### Exercise details
In the entries below, find the line with "Our Generation doll" and the line with "The site includes"; reproduce those two lines and all lines between them exactly, without pictures.

### Material shown

▼▼▼

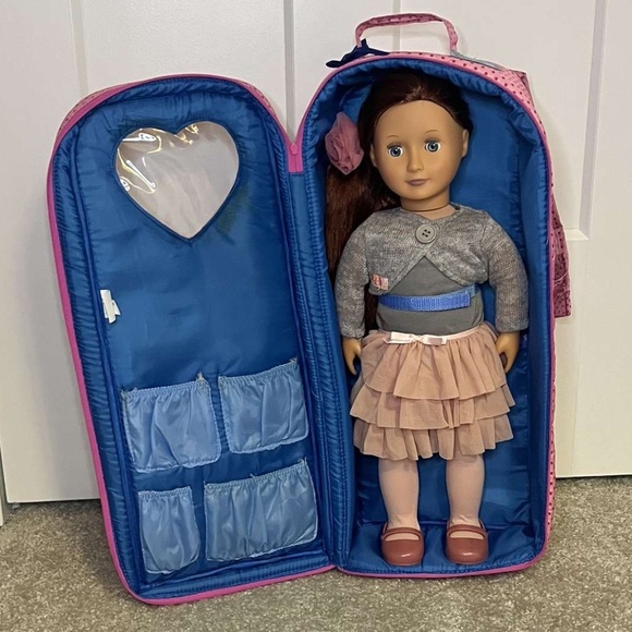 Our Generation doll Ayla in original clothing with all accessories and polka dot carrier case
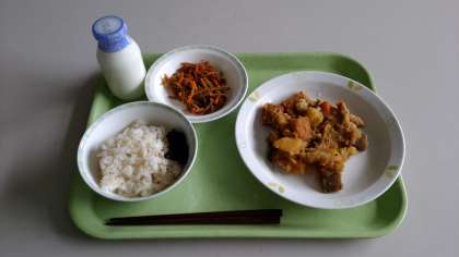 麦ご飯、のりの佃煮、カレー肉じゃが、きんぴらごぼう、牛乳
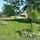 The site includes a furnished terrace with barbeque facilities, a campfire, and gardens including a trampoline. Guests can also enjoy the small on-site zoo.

▲▲▲
▼▼▼

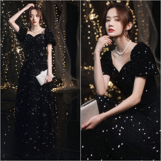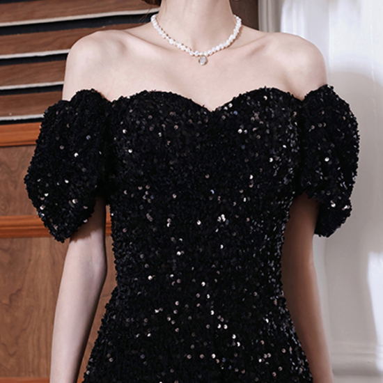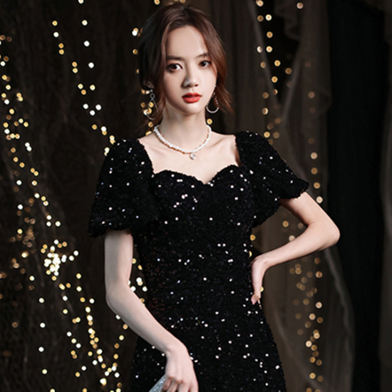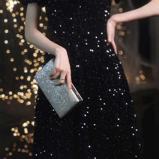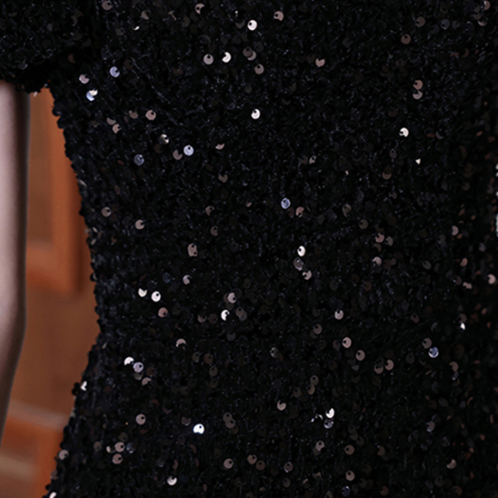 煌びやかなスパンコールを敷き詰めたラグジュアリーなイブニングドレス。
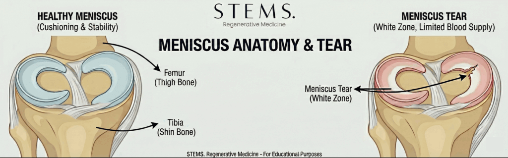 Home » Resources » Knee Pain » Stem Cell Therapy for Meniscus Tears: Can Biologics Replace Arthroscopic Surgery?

▲▲▲

### Your response
 Our Generation doll Ayla in original clothing with all accessories and polka dot carrier case
 麦ご飯、のりの佃煮、カレー肉じゃが、きんぴらごぼう、牛乳
 The site includes a furnished terrace with barbeque facilities, a campfire, and gardens including a trampoline. Guests can also enjoy the small on-site zoo.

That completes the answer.